Problem requirements:
Once the pictures are set aside, output all the records exactly.

◆ ◆ ◆ ◆ ◆ ◆ ◆

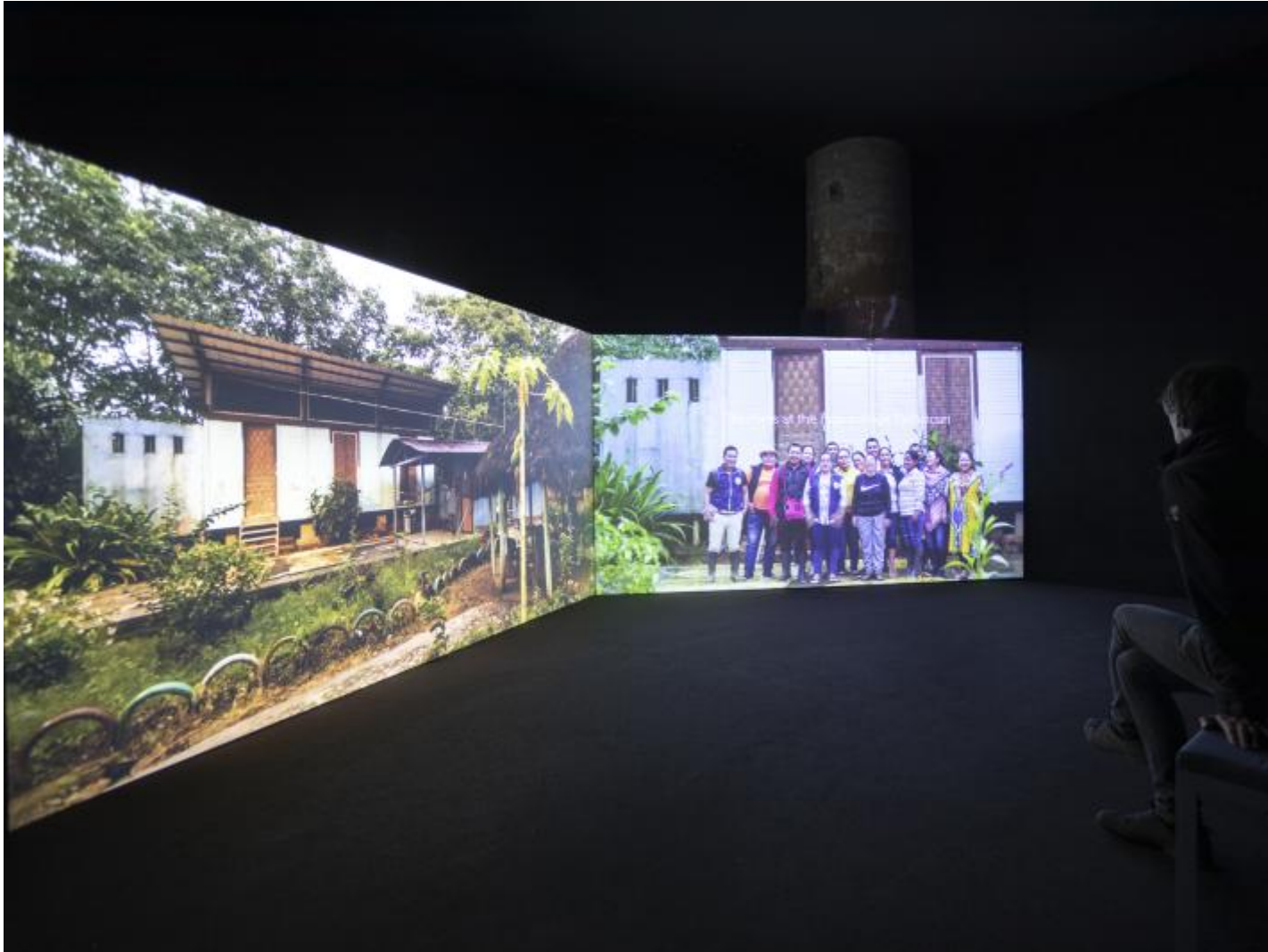
MZO Ursula Biemann_0684 _ 1 8 . Mostra Internazionale di Architettura - La Biennale di Venezia, The laboratory of the Future _ photo by Marco Zorzanello _ Courtesy by La Biennale di Venezia.

ambientale; ma anche perché la condizione attuale del globo è basata sulle massicce attività estrattive di stampo coloniale messe in atto per secoli dall'Occidente tramite l'appropriazione non solo di ogni risorsa disponibile, ma del lavoro collettivo di intere popolazioni e addirittura della soggettività degli individui considerati "altri". Il rischio di estrattivismo, con le sue conseguenze in termini di ingiustizia e squilibrio sociale, non si limita al passato. Estremamente generativo, per esempio, l'approccio di Ursula Biemann con Devenir Universidad : nel video si vedono alcuni membri della comunità Inga della Colombia Sud-Occidentale che raccontano la loro storia territoriale e propongono diversi tipi di apprendimento per le generazioni future. L'artista sintetizza così anni di cooperazione con il popolo Inga; anni finalizzati a co-creare un'università indigena nell'Amazzonia andina.
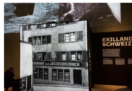
Spiegelgasse 14 in Zürich, 1917*
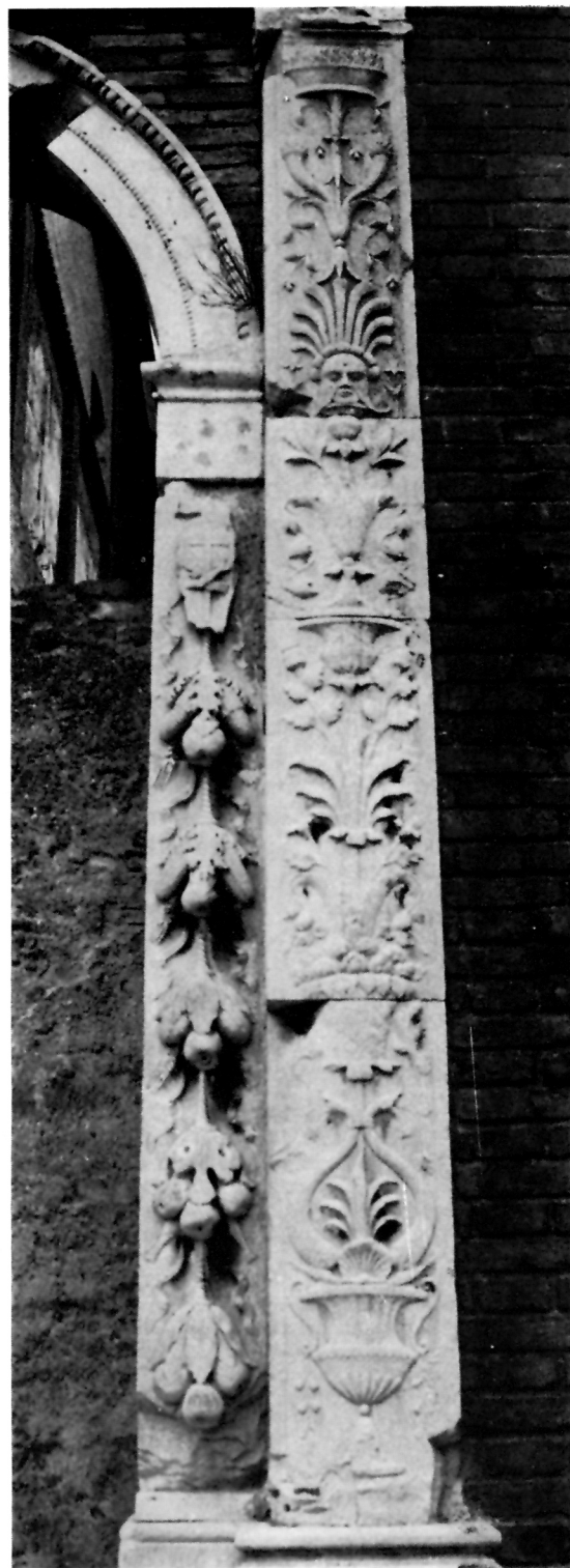
3 Duknovićev pomoćnik, Južni dovratnici franjevačkog samostana u Ankoni.

zatim pažljivo obnovljena. Tragovi rušenja i obnove jasno se vide i na spomeniku. U knjižnici Danni di guerra e providenze per le antichità i monumenti e l'arte objavljenoj u Jakinu 1946, na str. 72. piše da je bivši samostan pretvoren zatim u knjižnicu i muzej bio bombardiran od travnja do srpnja 1945, ali se ne spominju Duknovićeva vrata. Ne spominje ih ni L. Serra, L'arte nelle Marche II, Periodo del Rinascimento , Rim 1934.

◆ ◆ ◆ ◆ ◆ ◆ ◆

Solution:
MZO Ursula Biemann_0684 _ 1 8 . Mostra Internazionale di Architettura - La Biennale di Venezia, The laboratory of the Future _ photo by Marco Zorzanello _ Courtesy by La Biennale di Venezia.

ambientale; ma anche perché la condizione attuale del globo è basata sulle massicce attività estrattive di stampo coloniale messe in atto per secoli dall'Occidente tramite l'appropriazione non solo di ogni risorsa disponibile, ma del lavoro collettivo di intere popolazioni e addirittura della soggettività degli individui considerati "altri". Il rischio di estrattivismo, con le sue conseguenze in termini di ingiustizia e squilibrio sociale, non si limita al passato. Estremamente generativo, per esempio, l'approccio di Ursula Biemann con Devenir Universidad : nel video si vedono alcuni membri della comunità Inga della Colombia Sud-Occidentale che raccontano la loro storia territoriale e propongono diversi tipi di apprendimento per le generazioni future. L'artista sintetizza così anni di cooperazione con il popolo Inga; anni finalizzati a co-creare un'università indigena nell'Amazzonia andina.
Spiegelgasse 14 in Zürich, 1917*
3 Duknovićev pomoćnik, Južni dovratnici franjevačkog samostana u Ankoni.

zatim pažljivo obnovljena. Tragovi rušenja i obnove jasno se vide i na spomeniku. U knjižnici Danni di guerra e providenze per le antichità i monumenti e l'arte objavljenoj u Jakinu 1946, na str. 72. piše da je bivši samostan pretvoren zatim u knjižnicu i muzej bio bombardiran od travnja do srpnja 1945, ali se ne spominju Duknovićeva vrata. Ne spominje ih ni L. Serra, L'arte nelle Marche II, Periodo del Rinascimento , Rim 1934.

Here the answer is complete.